Services

A service is a software which usually runs in background. The system will ensure service status accordingly to its configuration. A service in configuration database is something like this:

httpd=service
    status=enabled
    access=public
    TCPPorts=80,443

Where httpd is the service name and status tells the system if the service should be enabled or disabled.

When the status property is switched between enabled/disabled state, the change will be reflected into runlevel configuration. This is what runlevel-adjust event and action do for all configured services. There is also another action called adjust-services which does the same thing for services registered on a single event.

A service without a record in the configuration database is ignored and can be manually manged using systemctl.
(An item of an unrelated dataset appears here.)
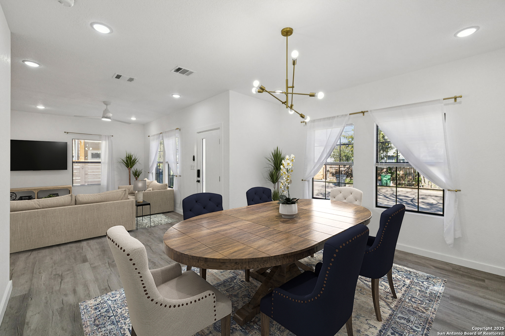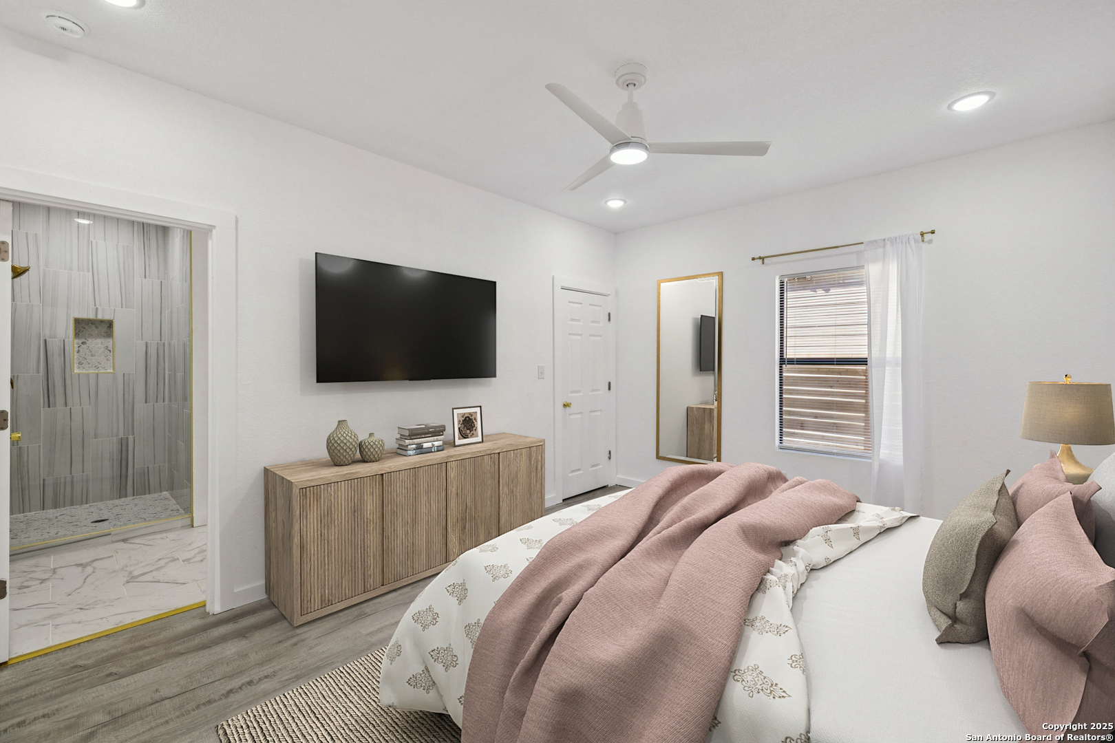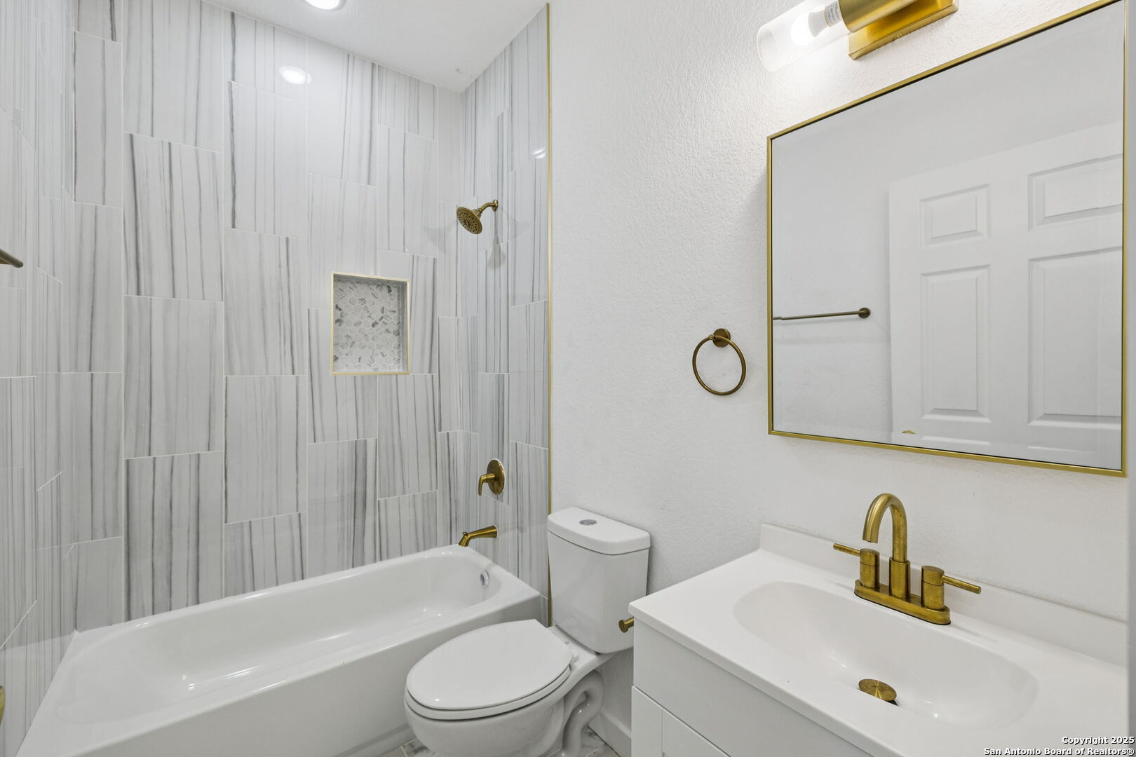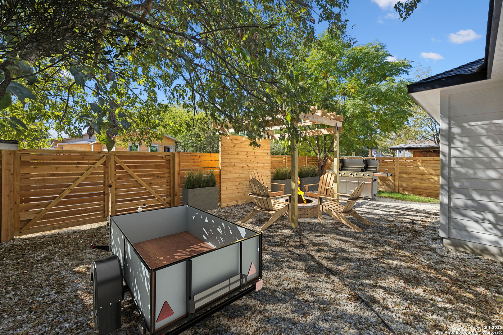 This beautiful BRAND NEW home features 5 bedrooms, 3 bathrooms, and plenty of opportunity! Located minutes from the vibrant heart of downtown San Antonio and the new up-and-coming Sports and Entertainment District, otherwise known as Project Marvel, this home offers great potential and profit with today's market value. Every inch has been refreshed with brand-new finishes, including elegant gold accents that bring a warm, modern touch throughout. The spacious kitchen stands out with its large island-perfect for cooking, gathering, or enjoying casual mornings at home. Step outside to a charming built-in pergola that creates a welcoming outdoor retreat for relaxing or hosting guests. Unlike many properties in its nearby surroundings, this home sits on a concrete slab and has an oversized driveway, making it convenient for extra parking access. If that's not enough, then find comfort in knowing the backyard opens up to be able to drive in your oversized company/work trucks. Its location is truly unmatched, with quick access to major downtown landmarks such as the Henry B. Gonzalez Convention Center, the Alamodome, and countless attractions, dining spots, and entertainment hubs. This home blends convenience, comfort, and a polished modern style right in the center of San Antonio living.
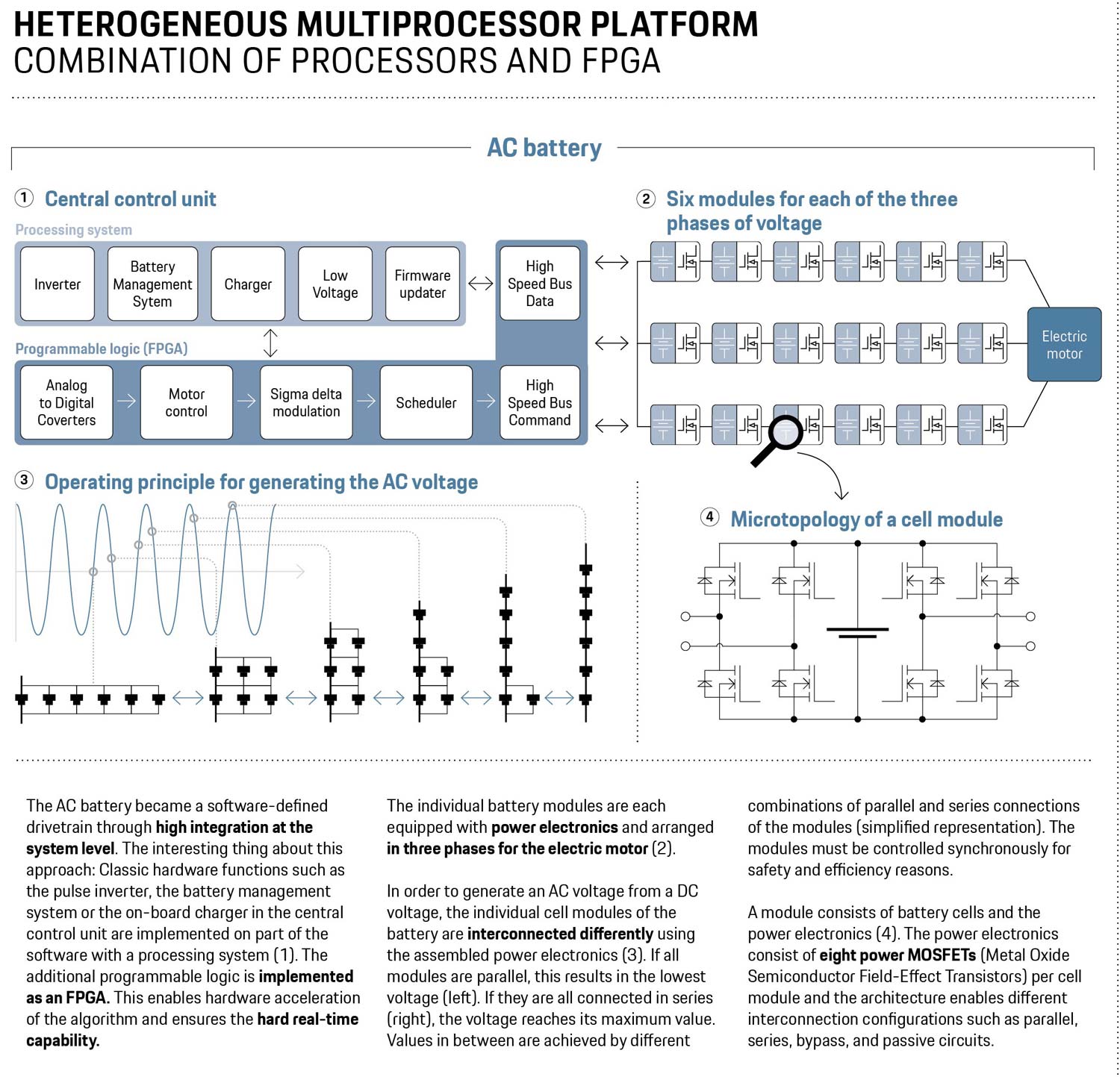U studiji izvodljivosti koju je sproveo Porsche Engineering, baterija je podeljena na 18 pojedinačnih modula, koji su raspoređeni na tri faze. Svakim modulom upravljaju tranzistori snage.

See Add a new service.

Control a service

Enable a service:

config setprop myservice status enabled
signal-event runlevel-adjust

Disable a service:

config setprop myservice status disabled
signal-event runlevel-adjust

Where myservice is the service name to be enabled or disabled.

Access network service

A network service is a service running on the server which expose UDP or TCP ports. Ports can be listed in following properties:

  • TCPPort: a single TCP port
  • TCPPorts: a comma separated list of TCP ports
  • UDPPort: a single UDP port
  • UDPPorts: a comma separated list of UDP ports

If both TCPPort and TCPPorts properties are set, TCPPorts has the precedence. If both UDPPort and UDPPorts properties are set, UDPPorts has the precedence.

A service can be accessible from public or private LAN. This configuration is saved on access property. The property is a comma separated list of zones (green, red, blue, orange).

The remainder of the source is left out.